Hi Blaine, I believe this bug will be easily reproduced with a standalone RHCS. Can we first test with standalone RHCS?
What I mean is if Ceph team can test this, on a standalone RHCS cluster
Adding to Blaine's request, while reproducing please set the following as well from toolbox pod "ceph config set client.admin debug_rgw 20" to get the results of the o/p of radosgw-admin commands executed from operator pod. Currently, all those commands got timeout error, by above setting we may get the trace of the command
Hi Jiffin, as I mentioned, this BZ is seen only with the OCS build that consumes RHCS4.2z4 and there were no other changes in the OCS z-stream build's components that could have caused this.

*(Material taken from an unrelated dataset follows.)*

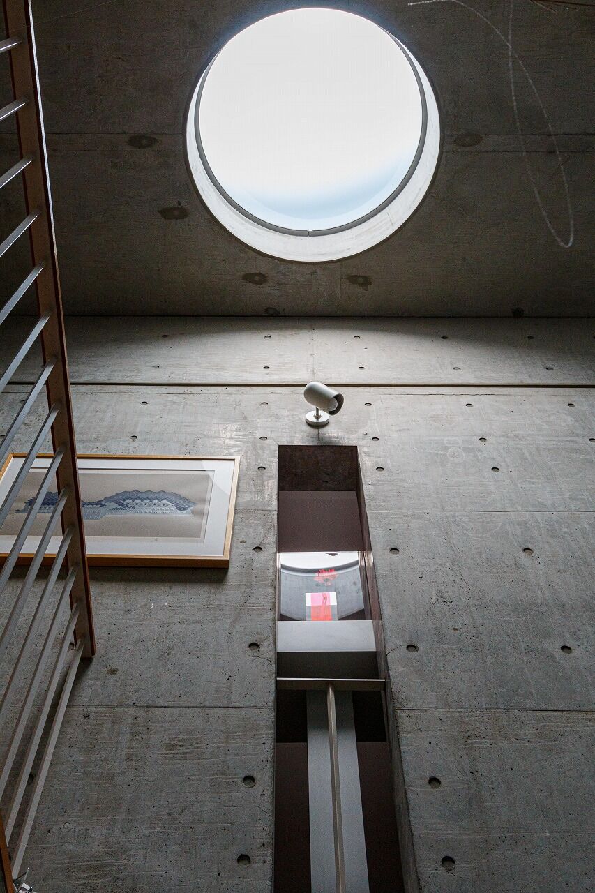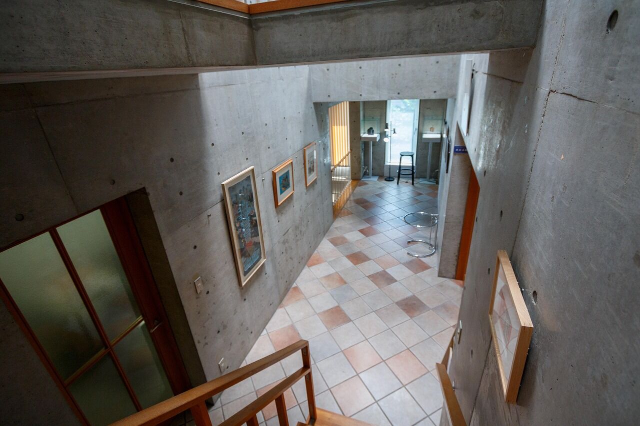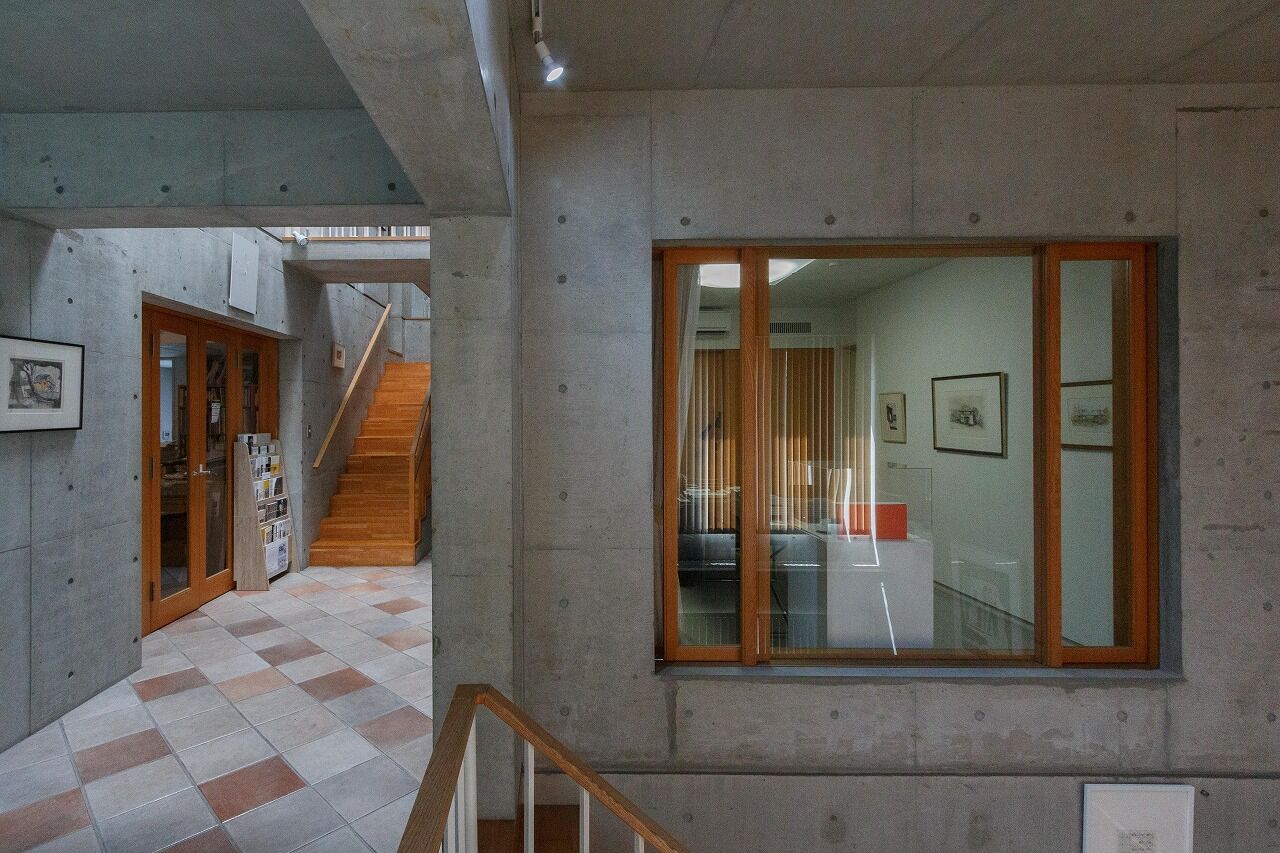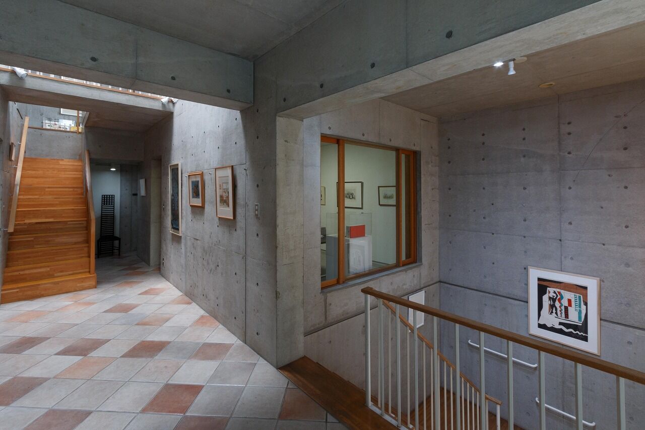 作品を展示するためにコンクリートフックと手すり取り付けたくらいで、ほぼ竣工当時のままです。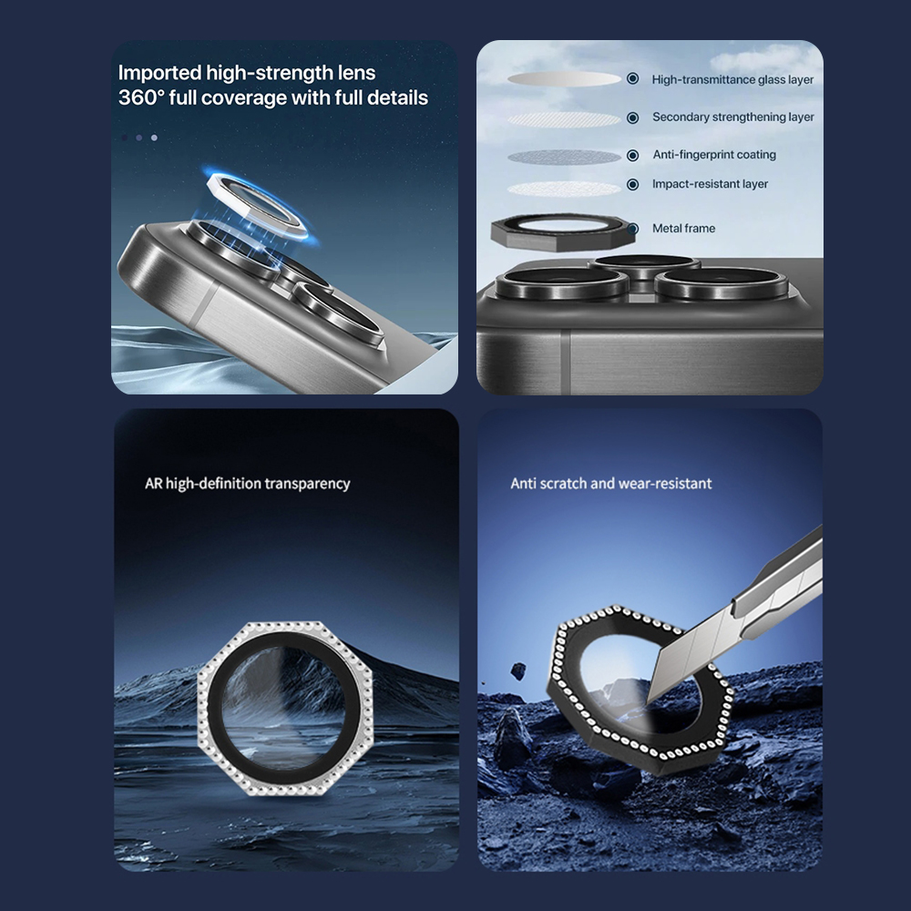 Folija - zastitu kamere OCTAGON DIAMOND za iPhone 16 (6.1)/16 Plus (6.7) crna (MS)

Therefore, I am quite certain that the bug will be seen with an RHCS cluster, where configuring RGW in debug mode would be much more convenient and won't require hacking through ceph toolbox or changing configmaps.
(In reply to Elad from comment #10) > Hi Jiffin, as I mentioned, this BZ is seen only with the OCS build that > consumes RHCS4.2z4 and there were no other changes in the OCS z-stream > build's components that could have caused this. Therefore, I am quite > certain that the bug will be seen with an RHCS cluster, where configuring > RGW in debug mode would be much more convenient and won't require hacking > through ceph toolbox or changing configmaps. Hi Elad, While the issue may be "in" RHCS, rhcs-4.2z4 passed all quality testing and has been running in many production configurations successfully since release. So we are asking for debug output from the RGW while it is reproducing in the OCS environment--because we haven't seen the issue elsewhere. thanks, Matt
In addition to adjusting the liveness probe and picking up the readiness probes, we need to look at the startup probes, which are not yet exposed in rook. This will allow setting a longer startup timeout, while allowing keeping a more robust small timeout for liveness and readiness.
Hi Blaine, Thanks for the detailed explanation, after reading your update I am more inclined to think it as an upper layer bug (rook/kubernetes), only thing which still bothers me is why it is only seen with 4.2z4 and not earlier ceph versions given that the rook code is same. We need to apply the fix in ODF4.8 for sure and Elad/QE can confirm if they are seeing the same issues in 4.7/4.6 or not.
Travis and I discussed today how to approach the fix for this. Our current plan is the following: Create a targeted fix specifically for OCS 4.8 and 4.9 that adds a hardcoded startup to the RGW pod. Because the RGW took between 60 and 90 seconds to become ready, the probe will allow 180 seconds (3 mins) for the RGW to start. Currently we don't plan for these to be present in upstream Rook v1.6 or v1.7 (the bases for OCS 4.8 and 4.9) since we need to deal with supported k8s version considerations and more complex backports. In upstream Rook v1.8, we will add user-configurable startup probes to all resources following the current pattern we have for liveness and readiness probes. This will be part of ODF 4.10. The default startup probe will be the same as what we hard code for 4.8 and 4.9, but it will be able to be overridden or disabled if desired.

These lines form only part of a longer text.